◆ **Work to complete**:
Print the whole listing exactly as it appears, but skip the pictures.

◆ **Dataset extract**:
┌────────

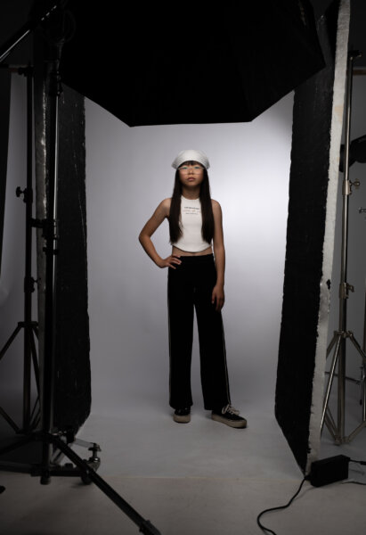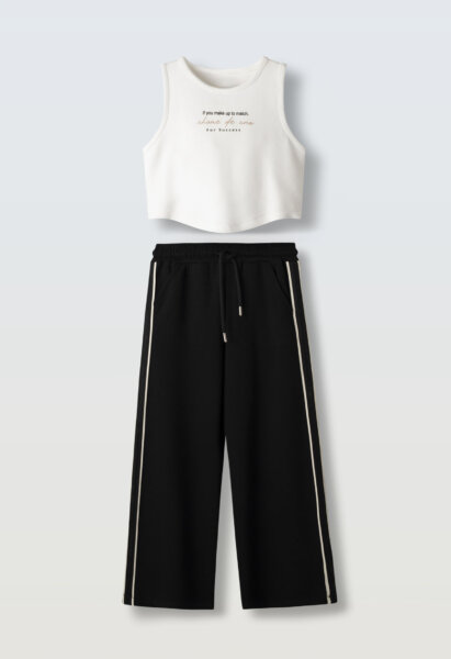 Παιδικό σετ κολάν ΕΒΙΤΑ για κορίτσι από 6 έως 14 ετών. Τοπάκι σε λευκό χρώμα και μαύρη παντελόνα.
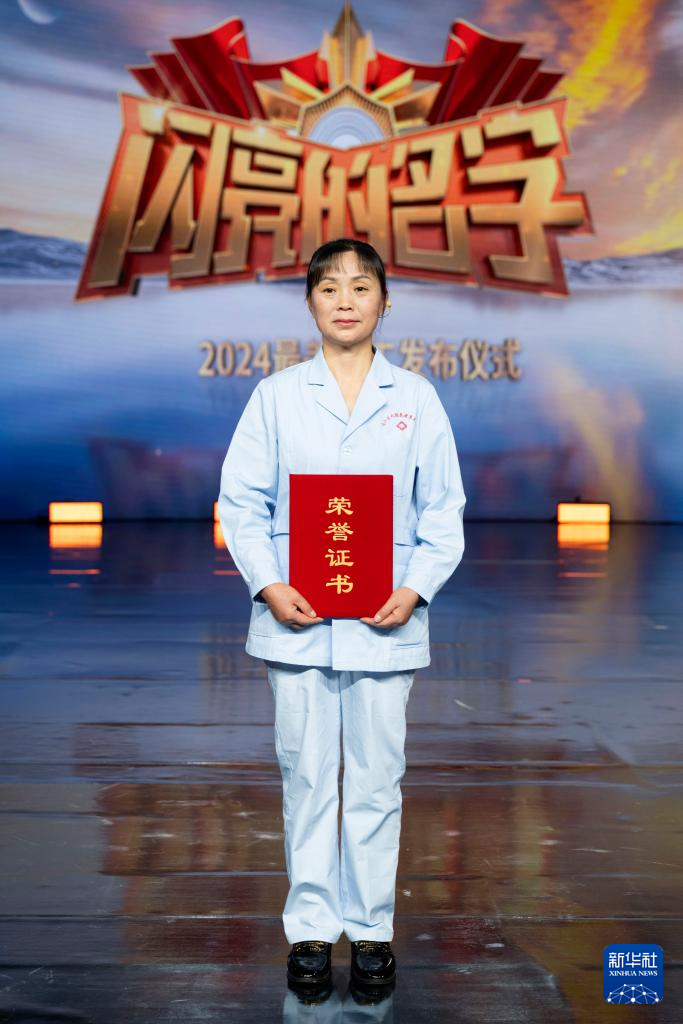 四川省巴中市通江縣大椿養(yǎng)老康復(fù)中心養(yǎng)老護理員蒲玉在“最美職工”發(fā)布儀式上(4月24日攝)。新華社記者 才揚 攝
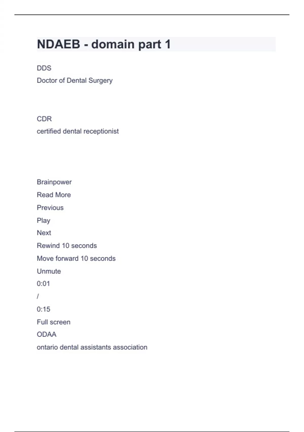 NDAEB Question and answers rated A+ 2024 DDS Doctor of Dental Surgery CDR certified dental receptionist Brainpower Read More Previous Play Next Rewind 10 seconds Move forward 10 seconds Unmute 0:01 / 0:15 Full screen ODAA ontario dental
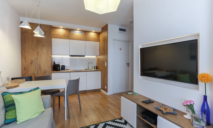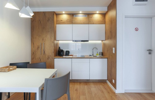 Cozy and comfortable apartment (~25 sqm) located on a side from the main street. There is no traffic around the building (courtyard view from one side and broad walking area from the other). The apartment is placed on the 2nd floor. There are electronic lockers for the doors with digital codes to get in, so there is no problem with late arrival or early departure. Codes are being sent via e-mail or text message the day before arrival and can be used for the entire stay. Doors are soundproofed for Your comfort. Fully equipped kitchen with fridge, freezer, dish-washer, capsule coffee machine, kettle, toaster, induction hob and everything you need for cooking & eating. Bathroom with the shower, hair dryer and towels. Wireless unlimited high speed internet available in the entire apartment for free. Living room with 47`` flat TV, connected to the Internet (YouTube, Netflix). Iron and iron bed is available, infant bad is available on request. Public parking is available on the courtyard (no reservations). A roundtrip airport shuttle is provided for a surcharge of 100PLN (available on request). Check-in is available at any time after 2pm, check-out is requested by 10am. City's noise ordinance from 10pm till 6am. Pets are not welcomed. Organising a party is not allowed.

└────────

◆ **Written reply**:
 Παιδικό σετ κολάν ΕΒΙΤΑ για κορίτσι από 6 έως 14 ετών. Τοπάκι σε λευκό χρώμα και μαύρη παντελόνα.
 四川省巴中市通江縣大椿養(yǎng)老康復(fù)中心養(yǎng)老護理員蒲玉在“最美職工”發(fā)布儀式上(4月24日攝)。新華社記者 才揚 攝
 NDAEB Question and answers rated A+ 2024 DDS Doctor of Dental Surgery CDR certified dental receptionist Brainpower Read More Previous Play Next Rewind 10 seconds Move forward 10 seconds Unmute 0:01 / 0:15 Full screen ODAA ontario dental
 Cozy and comfortable apartment (~25 sqm) located on a side from the main street. There is no traffic around the building (courtyard view from one side and broad walking area from the other). The apartment is placed on the 2nd floor. There are electronic lockers for the doors with digital codes to get in, so there is no problem with late arrival or early departure. Codes are being sent via e-mail or text message the day before arrival and can be used for the entire stay. Doors are soundproofed for Your comfort. Fully equipped kitchen with fridge, freezer, dish-washer, capsule coffee machine, kettle, toaster, induction hob and everything you need for cooking & eating. Bathroom with the shower, hair dryer and towels. Wireless unlimited high speed internet available in the entire apartment for free. Living room with 47`` flat TV, connected to the Internet (YouTube, Netflix). Iron and iron bed is available, infant bad is available on request. Public parking is available on the courtyard (no reservations). A roundtrip airport shuttle is provided for a surcharge of 100PLN (available on request). Check-in is available at any time after 2pm, check-out is requested by 10am. City's noise ordinance from 10pm till 6am. Pets are not welcomed. Organising a party is not allowed.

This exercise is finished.